*** Data section ***

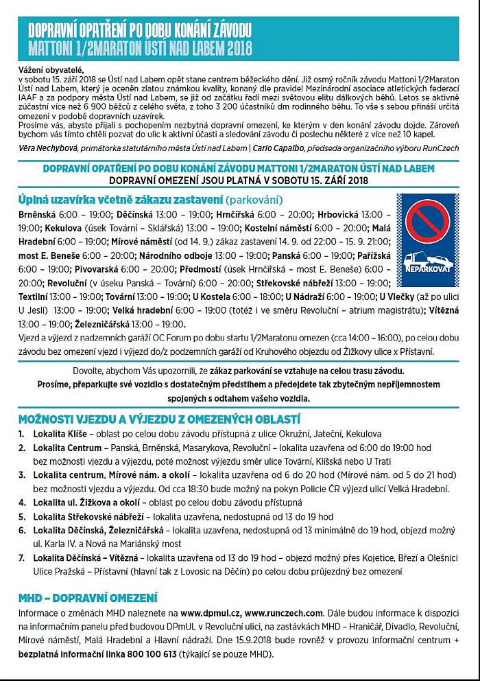Vrcholná sportovní událost s sebou přinese i omezení v dopravě ve městě (více info na www.dpmul.cz):
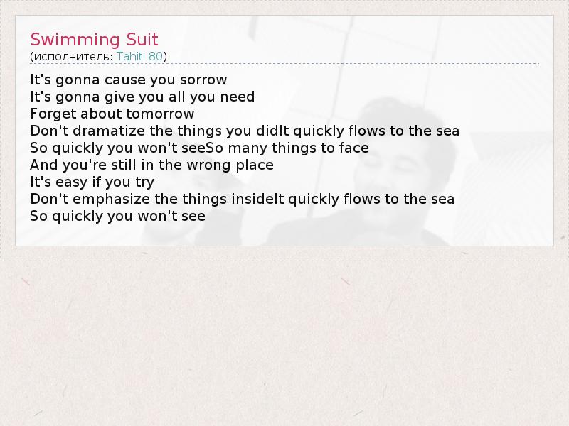 А как ты думаешь, о чем песня "Swimming Suit" ?
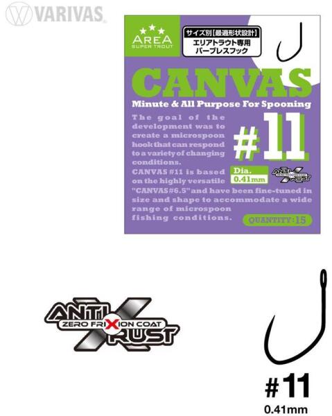 A Varivas Super Trout Area Tournament Hook Canvas egy speciális horog, a területi pisztránghorgászat abszolút bajnoka. Yudai Ito top versenyzővel együttműködve fejlesztették ki, hogy alkalmazkodjon az új csalikhoz és technikákhoz. A horgokat méret szerinti optimális alakú kialakítással tervezték, amely minden egyes méretnek egyértelmű szerepet ad, optimalizálva a horogképes
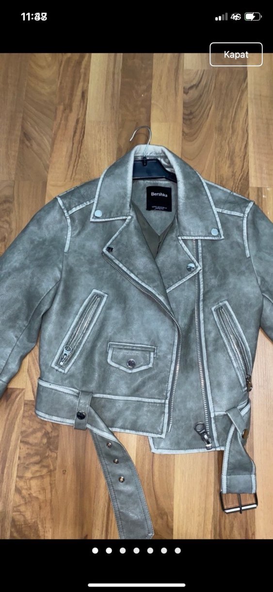 deri malzemeden üretilmiş, kemerli ve çıtçıt detaylı kısa kesim kadın ceketi.
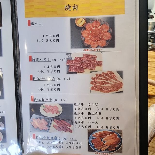 アラカルトメニューの一部ですがお値段はこんな感じです。当日は牧場のほうがお休みらしく、レバーなどの一部のホルモンが売りきれ中。私は「近江牛焼肉定食」を、相方はこういう時でないと食べられないのでチャレンジだ!と「土鍋ハンバーグステーキ定食」を注文し、追加のお肉でまた「近江牛つらみ(タレ)」を注文するのだ。
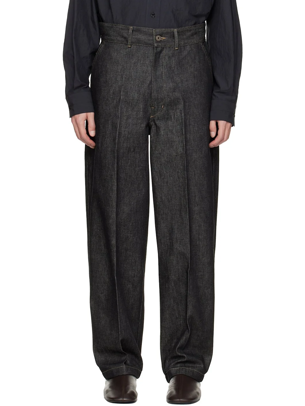 Non-stretch denim jeans. · Yarn-dyed denim · Wide-leg · Belt loops · Five-pocket styling · Zip fly · Pleated front and back legs · Leather logo patch at back waistband Supplier color: Slate Body: 100% cotton. Pocket lining: 100% cotton. Trim: 100% cow leather. Made in Morocco 252646M186006
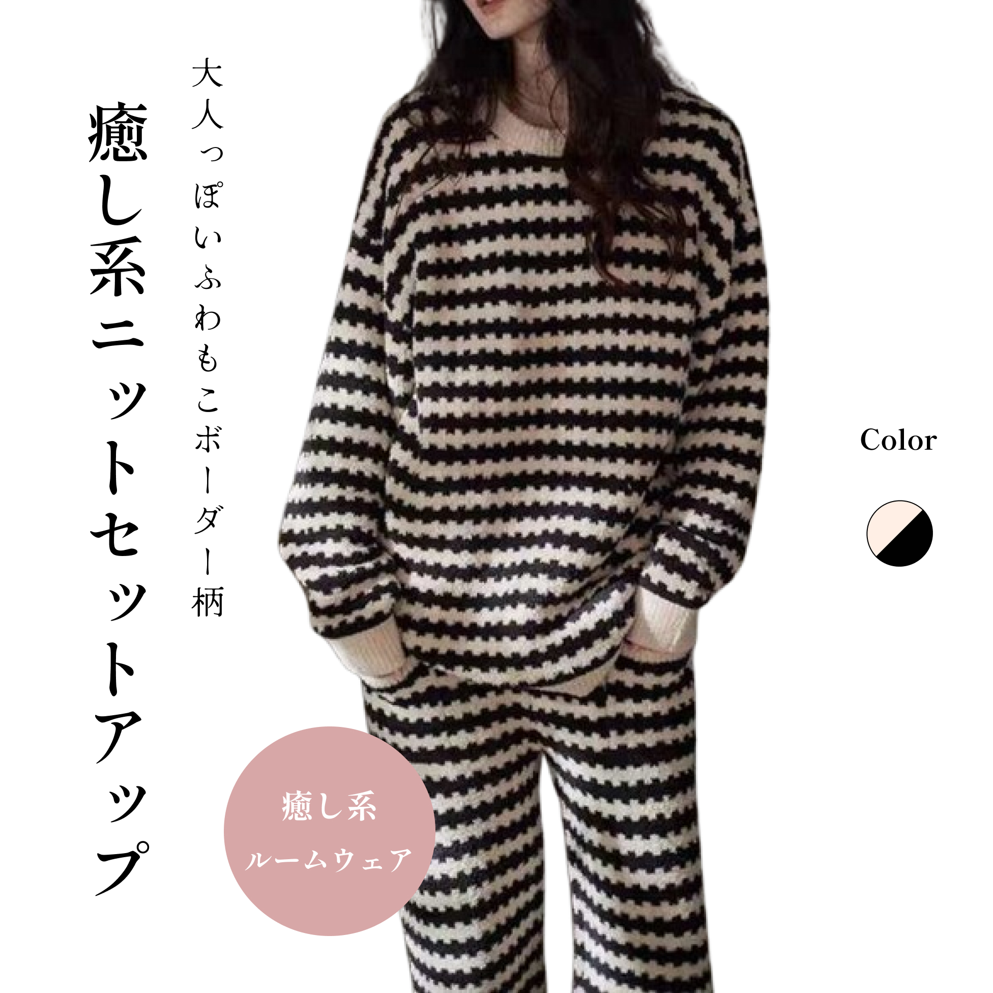 30代女性におすすめふわもこボーダー柄ルームウェア上下セット
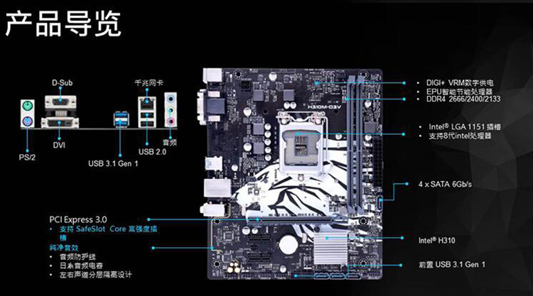 华硕圣旗 H310M-D3V(Intel H310,,LGA 1151) 支持789代处理器
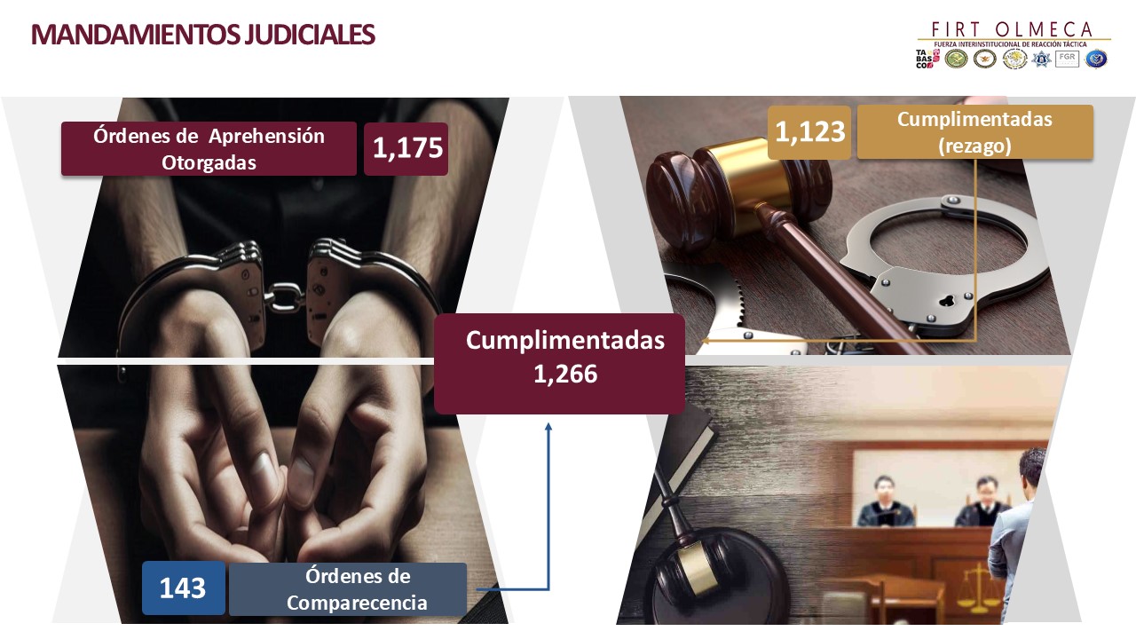 En el marco de la conferencia matutina que encabeza el Gobernador Javier May Rodríguez, el titular de la Fiscalía General del Estado (FGE), Oscar Tonathiu Vázquez Landeros resaltó que, en el marco de la estrategia para devolver la paz y tranquilidad a Tabasco, a la fecha, se han cumplimentado 1 mil 266 órdenes de aprehensión, además que se contabilizan 1 mil 437 personas detenidas en flagrancia y 2 mil 067 en zonas de incidencia en los municipios.
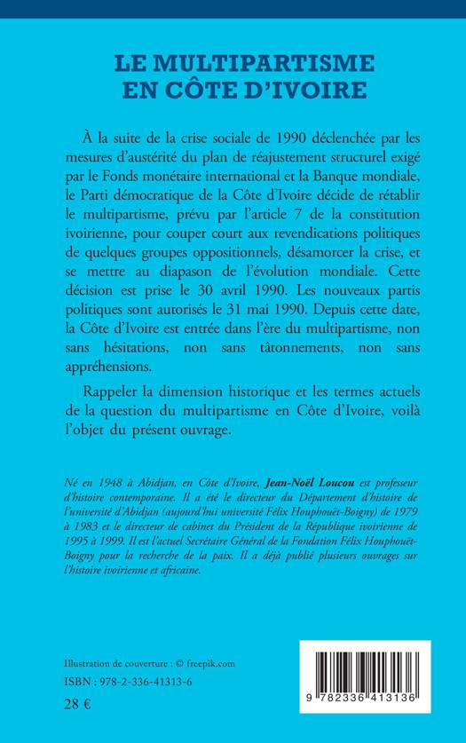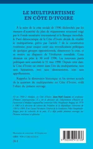À la suite de la crise sociale de 1990 déclenchée par les mesures d'austérité du plan de réajustement structurel exigé par le Fonds monétaire international et la Banque mondiale, le Parti démocratique de la Côte d'Ivoire décide de rétablir le multipartisme, prévu par l'article 7 de la constitution ivoirienne, pour couper court aux revendications politiques de quelques groupes oppositionnels, désamorcer la crise, et se mettre au diapason de l'évolution mondiale. Cette décision est prise le 30 avril 1990. Les nouveaux partis politiques sont autorisés le 31 mai 1990. Depuis cette date, la Côte d'Ivoire est entrée dans l'ère du multipartisme, non sans hésitations, non sans tâtonnements, non sans appréhensions. Rappeler la dimension historique et les termes actuels de la question du multipartisme en Côte d'Ivoire, voilà l'objet du présent ouvrage.

*** End of Data section ***

:: Assigned task ::
Please transcribe exactly the part of the records that opens with the line containing "30代女性におすすめふわもこボーダー柄ルームウェア上下セット" and closes with the line containing "华硕圣旗 H310M-D3V(Intel H310,,LGA", both ends included, and leave out the pictures.

:: Expected output ::
 30代女性におすすめふわもこボーダー柄ルームウェア上下セット
 华硕圣旗 H310M-D3V(Intel H310,,LGA 1151) 支持789代处理器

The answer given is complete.